Wednesday, January 26, 2011

Chicken Picatta

This recipe is really delicious and surprisingly easy!  A definite crowd pleaser.  They will think you slaved for hours!

Chicken Picatta



4-5 Skinless and boneless chicken breasts, butterflied and cut in half
kosher salt and coarse ground pepper
flour for coating
6 tablespoons butter
5 tablespoons olive oil
1/3 cup fresh lemon juice
1/2 cup chicken stock
1/4 cup capers
1/3 cup fresh chopped parsley
1 lb pasta, cooked according to package

Season chicken with salt and pepper.  Coat with flour and shake of the excess.

In a large skillet over medium high heat melt 2 tablespoons butter with 3 tablespoons olive oil.  When butter and oil start to sizzle place 2 pieces of chicken into pan and cook for three minutes.  When chicken is browned, flip and cook for another 3 minutes.  Remove from pan and transfer to plate.


Melt 2 more tablespoons of butter and add another 2 tablespoons of olive oil.  Cook remaining chicken in same fashion.  Remove to plate.  Remove pan from heat.

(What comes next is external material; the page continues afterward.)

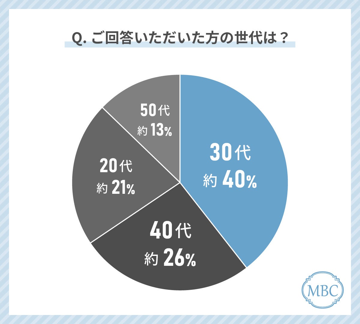 「回答者の年齢をお答えください」とアンケート調査した結果、30代(40%)、40代(26%)、20代(21%)、50代(13%)でした。

In pan add lemon juice, chicken stock, and capers.  Return to stove and bring to a boil, scraping up brown bits from pan.  Add salt and pepper if needed.  Return chicken to pan for 5 minutes until heated though.  Move chicken to platter.  Add remaining 2 tablespoons of butter to sauce and whisk vigorously.  Pour sauce over chicken and garnish with parsley.  Serve over pasta.